23:39	<gsnedders>	:)
23:39	<gsnedders>	This isn't my dissertation. :)
23:41	<gsnedders>	Hixie: Though that does mean the informative description of when p end tags can be omitted in the spec is wrong :)
23:42	<gsnedders>	Or is Writing HTML Documents normative?
23:42	<gsnedders>	It appears to be normative for documents, authoring tools, and markup generators.
23:42	<gsnedders>	In which case the normative description is wrong :)
23:52	<Hixie>	gsnedders: it's not wrong. it just doesn't handle non-conforming cases since those cases are already non-conforming.

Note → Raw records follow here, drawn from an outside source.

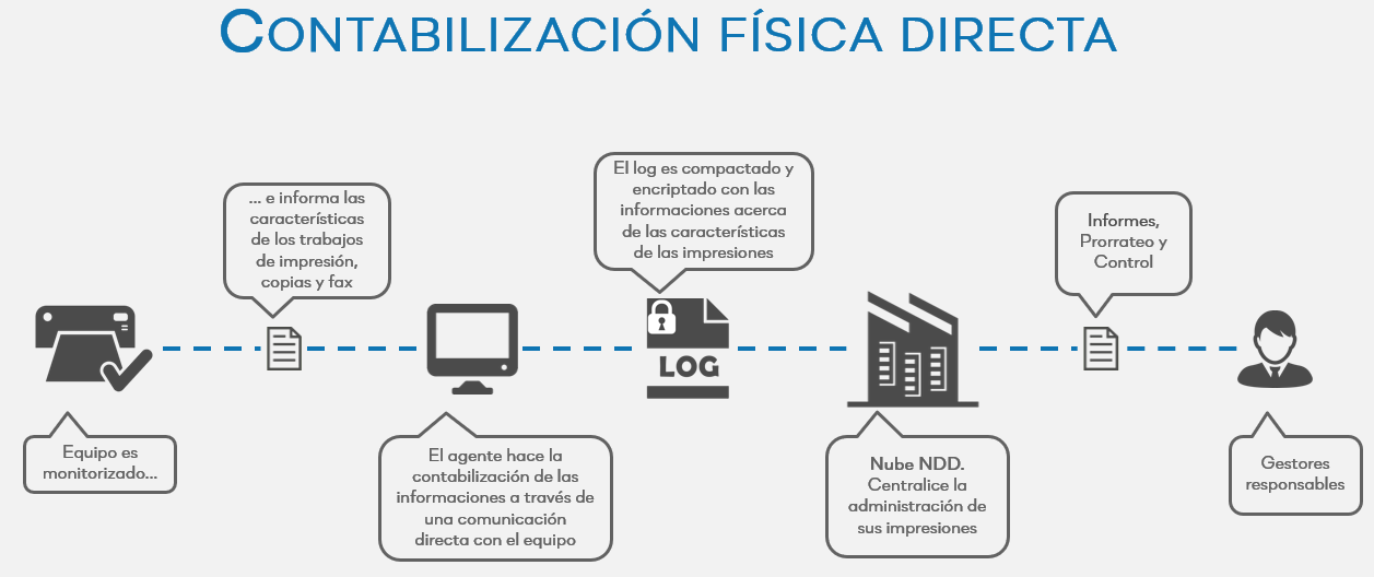 El accounting de la impresión, copia, fax y digitalización tiene el objetivo de gestionar los gastos con trabajos de impresión de la organización. El accounting es la base para generar diversos informes importantes, como prorrateo por centros de coste, la producción de cada impresoras e informaciones de cómo cada usuario está utilizando el equipo. Así, la empresa sabe cuáles son los equipos más utilizados, por quién son usados, y si los funcionarios aprovechan la impresora de forma adecuada.
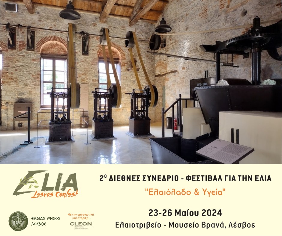 Ο Πολιτιστικός Σύλλογος “Ελαίας Νήσος Λέσβος” διοργανώνει το 2ο Elia Lesvos Confest “Ελαιόλαδο και Υγεία” από 23 έως 26 Μαΐου 2024, στο εμβληματικό Ελαιοτριβείο – Μουσείο Βρανά στον Παππάδο Γέρας, ένα από τα παλαιότερα ελαιοτριβεία της Λέσβου, το οποίο ανήκε στην οικογένεια του νομπελίστα ποιητή Οδυσσέα Ελύτη.
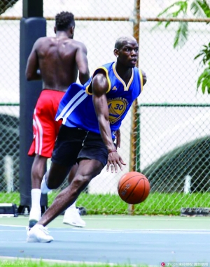 值得一提的是,这位身价将近9千万英镑的中场还对篮球情有独钟。在法国队的驻地,他在酒店的游戏室里玩起了篮球机。在先是做了几次仰卧起坐之后,他开始展示自己的篮球技巧,轻巧地将篮球投入小篮筐之中,甚至还像踢足球那样踢球入筐。随后,他在自己拥有23.7万粉丝的社交网站上分享了这个视频,引发球迷和网友的赞叹。
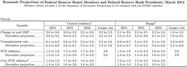 Měnový výbor na březnovém zasedání mírně snížil projekci HDP (viz tabulka). Proto prohlášení Janet Yellenové o tom, že se projekce a hodnocení ekonomiky od prosincového zasedání v podstatě nezměnilo, vyvolalo mezi novináři nepochopení. Server Zero Hedge její slova na Twitteru komentoval následovně: "Hodnocení ekonomiky je téměř identické prosincovým projekcím. Až na to snížení predikce růstu HDP."

23:53	<Hixie>	gsnedders: if a tool outputs <b><p> then it's bogus regardless of where it closes the </b>
23:53	<gsnedders>	Bah!
23:53	<Hixie>	i'm just sayin'
23:54	<gsnedders>	See, this is what makes serialize\|parse idempotency hard!
23:54	<gsnedders>	Like, sure, yeah, obviously any tree the parser creates can be serialized.
23:54	<Hixie>	should just reguse to serialise anything that's non-conforming
23:54	<Hixie>	refuse
23:54	<gsnedders>	To what degree on non-conformity?
23:54	<gsnedders>	*of
23:54	<Hixie>	human-checked!
23:54	<Hixie>	:-D
23:54	<gsnedders>	:)
23:55	<gsnedders>	Do we allow unknown elements? Because their parse-model could change!
23:55	<Hixie>	(or, document your tool as requiring conforming input, and if it's given non-conforming input, say that the output could be garbage.)
23:55	<gsnedders>	Yeah, that's the sensible approach. :)
23:56	<gsnedders>	I originally did this just because I wanted to see how hard it'd be to guarantee serializer\|\|parser idempotency given a tree from the parser. Because if it was easy then we could trivially get way more tests. :)
23:57	<gsnedders>	There's no schema representing all the content model restrictions, is there?